Knowledge Systems Finally Learn to Think for Themselves
It took over thirty years to digitize enterprise knowledge systems. Now what?
In 1983, I packed all my belongings into the backseat of my 1972 Chevy and drove south, arriving 24 hours later at my first post-college job as a network operations center shift supervisor for Ma Bell.
The union went on strike 72 hours later. I was shown a computer terminal and told, “You are managing the backbone network for five states — don’t mess it up.”
I had no clue what I was doing. Bell Labs, however, did. There were more than 40 3-inch to 4-inch manuals stacked on the wall behind my desk. It was my own personal knowledge bank.
A day later, an alert on my screen told me a TD-3 Radio failed. Sure enough, one of the manuals behind me was labeled TD-3 (here’s what the first chapter looked like).
Hours went by as I read through manuals while 10,000-plus people in Mississippi waited for me so they could resume making long distance calls. Eventually, I dispatched an equally clueless strike duty volunteer to the radio station and together we read enough to restore service without electrocuting him in the process.
After the breakup, I took a job at AT&T as a sales technical support manager. At the time, a sales rep was expected to sell network services, PBX/call centers and data networking services. Half of my team were network engineers and half were PBX/call center reps; nobody knew data.
It didn’t take too long for us to lose a $1M account to MCI. We had an upset client claiming that their customers were not getting through on their 800 lines. The sales rep contacted her PBX sales engineer. No trouble found.
None of us, myself included, had ever been to the 800# training class. If we had, we would have run a standard report and quickly solved the problem. The sales executive was expected to know their customer and know who to call. AT&T eventually gave up trying to sell network, phone and data equipment and spun out Lucent (then Avaya). (Note to self: Institutional knowledge is not only about sending, it is about receiving, absorbing and changing behavior.)
Let’s jump to 1998, when everyone had laptops equipped with 3.5-inch floppy disks or CD-ROM drives. Looking back, this was the beginning era of the “dark pool” of bits. More on that in a moment.
I was a GM of a $2B+ division operating in 95 countries and multiple languages. We had e-learning centers, content management systems, web sites and everything else we thought we needed.
Once a year we geared up for a major new product release. We had the “bible” of what new features/products would be launched. Knowledge workers would take from the bible and in turn create a laundry list of stuff, including sales collateral, sales & sales engineering training, installation training, customer training, and trouble-shooting guides. A month before ship date, features started to slip. All of that stuff we produced was instantly obsolete or conflicting. Ever worse, the dark pool of bits took over. Invariably, I would hear a well-paid sales person deliver last year’s pitch from their hard drive.
Fast forward to 2015 and ask a CIO how much stuff is accumulating in their organization.

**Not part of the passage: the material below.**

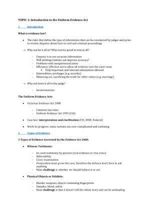 These notes were all I used in the Evidence Law exam in T2 2017 to achieve a HD. They comprise notes from the: - Lectures - Textbook - Extra readings - Cases and legislation They have everything you need to know for the exam, and all of the key principles are highlighted. The thorough, yet clear and concise, case summaries from my reading of all of the prescribed cases will save you a lot of time throughout the semester. My notes include ALL topics taught in T2 2017, including: 1. Introduction to the Uniform Evidence Act 2. Verbal Evidence 3. Documents and other Evidence 4. Relevance 5. Hearsay 6. Admissions 7. Opinion Evidence 8. Tendency and Coincidence Evidence 9. Credibility and Character Evidence 10. Privileges 11. Mandatory and Discretionary Exclusions

Email threads, SharePoint drives, Dropbox/Box accounts, laptops, mobile phones with gigabyte drives, and tablets with even more. Each repository is stuffed with presentations, sales collateral, manuals, video/audio files and configuration notes. The dark pool has grown to petabytes.
What has changed? Curators still try to locate, find and publish the latest version of knowledge. We discovered “portals”, “SharePoint folders”, and “key word search”, but these are just digital book shelves of the same type that held all of my training manuals from 30 years ago.
Corporations spend $150B a year on knowledge management and training systems. We’ve digitized the manuals and moved the classroom online, but we haven’t made any real advancements.
In the next 10 years, we are going to see knowledge create a mind of its own:
- Machines will accurately curate 80% of the dark pool, enabling discovery of what institutional knowledge is where. Unstructured search algorithms will understand what is really in our bags of bits using clues like who published this document, when it was published, what kind of info is in the document (is it an installation/repair guide for TD-3 radios or is it a warranty form?), what kinds of products are covered in the document. The dark pool is going to get attacked by smart machines.
- Knowledge takes lessons from consumer advertising. Wherever I go online, the web is tracking my every move, learning who I am, what I like and react to, and it uniquely targets me. Why not do the same inside the enterprise? You already know who I am and what I am supposed to be doing to drive value for a company. Knowledge will become aware of itself. It will figure out who used it, how it was used by different types of workers, whether it was liked or not, and start figuring out what else to recommend.
- Knowledge gets APIs to KPIs.
If knowledge becomes aware of itself, how can it know it is making a difference? The enterprise is full of other applications that measure key performance indicators. If you link knowledge to KPIs, now you can track behavior changes, such as measuring if sales reps using last year’s deck outsell their counterparts using a new deck.
Next generation knowledge automation startup companies are seeing the chance to grab a piece of this $150B pie. We’ve bet on Kaybus because they are tackling all three of the major factors above. Other names with similar aims but different approaches include Witty Parrot, Folloze, Jive, and Bloomfire. Companies that create, share, and absorb knowledge that matter to their key performance indicators are going to out-execute those stuck in the past 30 years of history.